» EXERCISE INSTRUCTIONS: Every line in the data below from the one containing "Naast de indrukwekkende" down to the one containing "(Advocacy and Research", both included, must be retyped exactly; no other line is to appear.

» DATA IN THIS EXERCISE:
══════════════════════════════

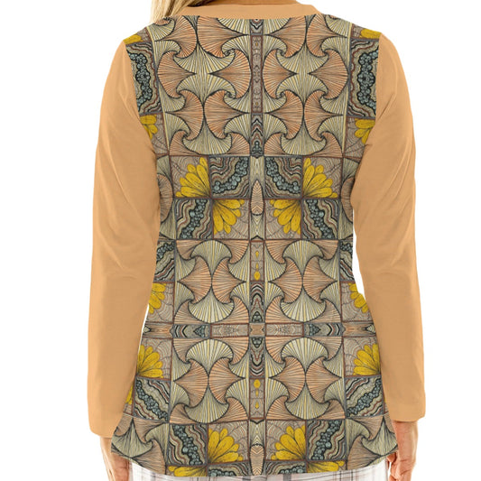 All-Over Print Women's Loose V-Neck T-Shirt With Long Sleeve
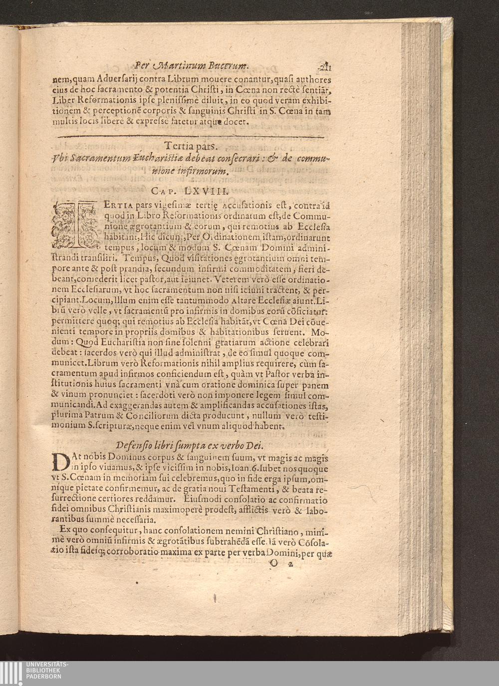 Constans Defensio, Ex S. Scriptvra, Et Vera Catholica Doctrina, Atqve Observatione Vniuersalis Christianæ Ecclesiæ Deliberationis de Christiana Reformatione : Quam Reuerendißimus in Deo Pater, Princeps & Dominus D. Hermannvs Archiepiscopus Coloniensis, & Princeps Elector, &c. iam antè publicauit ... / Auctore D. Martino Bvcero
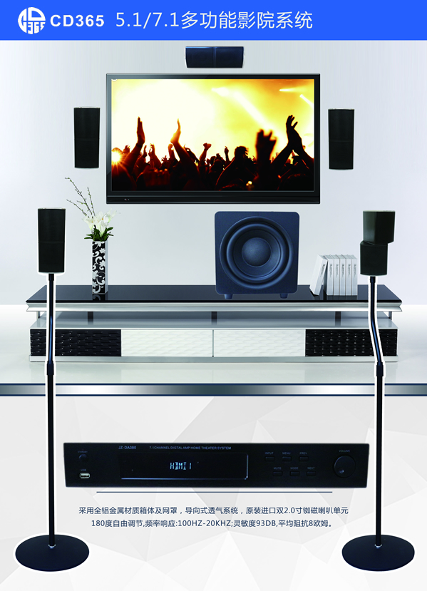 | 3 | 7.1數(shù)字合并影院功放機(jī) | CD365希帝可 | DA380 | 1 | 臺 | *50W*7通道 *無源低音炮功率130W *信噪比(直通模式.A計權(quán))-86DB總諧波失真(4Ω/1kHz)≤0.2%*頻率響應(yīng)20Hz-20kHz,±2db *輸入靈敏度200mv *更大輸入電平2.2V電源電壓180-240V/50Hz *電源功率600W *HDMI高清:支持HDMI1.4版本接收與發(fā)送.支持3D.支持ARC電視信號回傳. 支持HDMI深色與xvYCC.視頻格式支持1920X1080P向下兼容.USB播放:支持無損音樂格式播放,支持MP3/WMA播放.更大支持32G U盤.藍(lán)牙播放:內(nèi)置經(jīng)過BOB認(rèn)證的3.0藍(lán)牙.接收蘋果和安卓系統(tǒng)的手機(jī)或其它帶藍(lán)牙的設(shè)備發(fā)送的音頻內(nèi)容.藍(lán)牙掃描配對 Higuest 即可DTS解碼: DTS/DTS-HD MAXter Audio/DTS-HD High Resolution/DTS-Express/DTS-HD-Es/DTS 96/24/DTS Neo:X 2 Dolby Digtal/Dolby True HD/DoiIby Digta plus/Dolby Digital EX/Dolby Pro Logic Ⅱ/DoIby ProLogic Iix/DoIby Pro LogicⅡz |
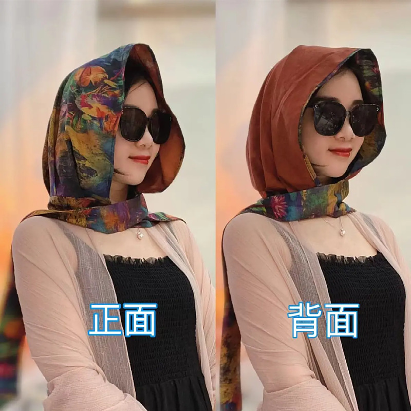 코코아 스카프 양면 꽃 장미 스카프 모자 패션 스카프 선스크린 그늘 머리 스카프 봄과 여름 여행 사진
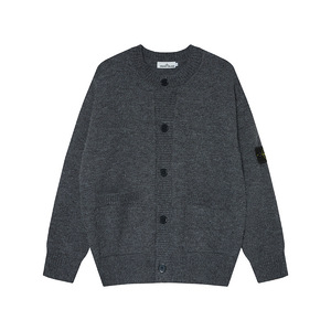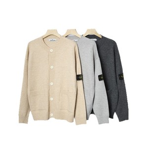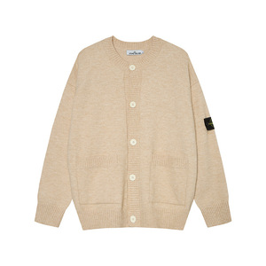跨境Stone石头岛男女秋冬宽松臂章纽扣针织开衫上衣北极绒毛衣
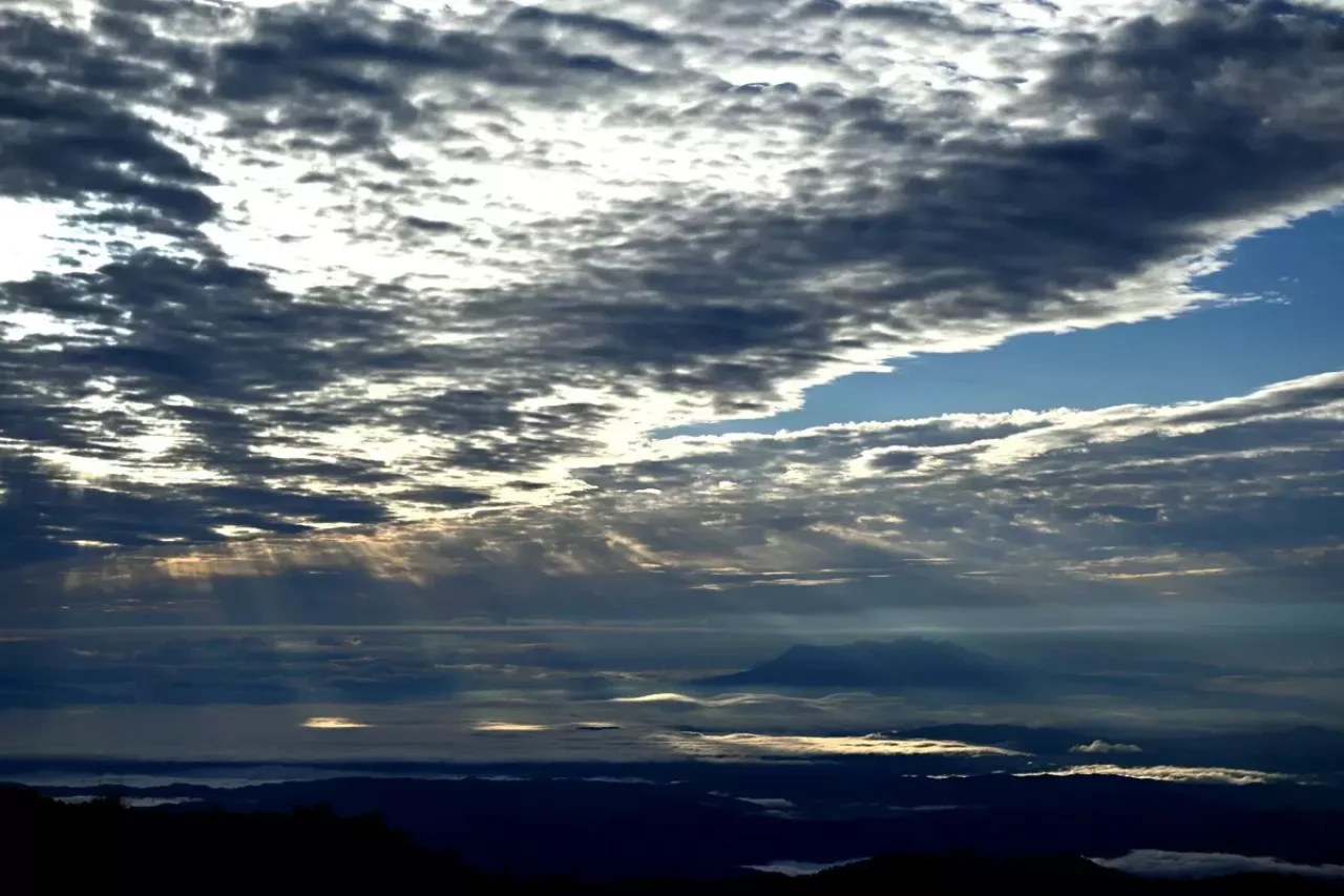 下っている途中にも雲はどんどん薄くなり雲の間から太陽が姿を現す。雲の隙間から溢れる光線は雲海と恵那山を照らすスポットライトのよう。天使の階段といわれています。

══════════════════════════════

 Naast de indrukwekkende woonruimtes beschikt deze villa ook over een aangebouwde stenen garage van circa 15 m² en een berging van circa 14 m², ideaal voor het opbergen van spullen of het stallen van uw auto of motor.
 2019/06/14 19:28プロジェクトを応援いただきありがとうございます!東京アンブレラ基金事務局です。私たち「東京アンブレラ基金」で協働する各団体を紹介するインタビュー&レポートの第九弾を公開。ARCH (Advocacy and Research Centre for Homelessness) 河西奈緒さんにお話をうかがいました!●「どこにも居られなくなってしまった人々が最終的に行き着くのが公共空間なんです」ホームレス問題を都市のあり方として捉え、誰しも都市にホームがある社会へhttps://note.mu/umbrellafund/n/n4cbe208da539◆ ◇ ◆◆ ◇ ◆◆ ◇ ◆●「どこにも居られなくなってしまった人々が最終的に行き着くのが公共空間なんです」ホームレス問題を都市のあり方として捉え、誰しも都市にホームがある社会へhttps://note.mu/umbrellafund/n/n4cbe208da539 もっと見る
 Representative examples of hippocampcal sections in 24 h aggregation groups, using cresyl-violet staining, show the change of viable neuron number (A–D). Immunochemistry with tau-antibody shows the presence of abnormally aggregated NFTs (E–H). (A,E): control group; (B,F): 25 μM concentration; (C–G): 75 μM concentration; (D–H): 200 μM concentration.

══════════════════════════════

» RESPONSE TO THE EXERCISE:
 Naast de indrukwekkende woonruimtes beschikt deze villa ook over een aangebouwde stenen garage van circa 15 m² en een berging van circa 14 m², ideaal voor het opbergen van spullen of het stallen van uw auto of motor.
 2019/06/14 19:28プロジェクトを応援いただきありがとうございます!東京アンブレラ基金事務局です。私たち「東京アンブレラ基金」で協働する各団体を紹介するインタビュー&レポートの第九弾を公開。ARCH (Advocacy and Research Centre for Homelessness) 河西奈緒さんにお話をうかがいました!●「どこにも居られなくなってしまった人々が最終的に行き着くのが公共空間なんです」ホームレス問題を都市のあり方として捉え、誰しも都市にホームがある社会へhttps://note.mu/umbrellafund/n/n4cbe208da539◆ ◇ ◆◆ ◇ ◆◆ ◇ ◆●「どこにも居られなくなってしまった人々が最終的に行き着くのが公共空間なんです」ホームレス問題を都市のあり方として捉え、誰しも都市にホームがある社会へhttps://note.mu/umbrellafund/n/n4cbe208da539 もっと見る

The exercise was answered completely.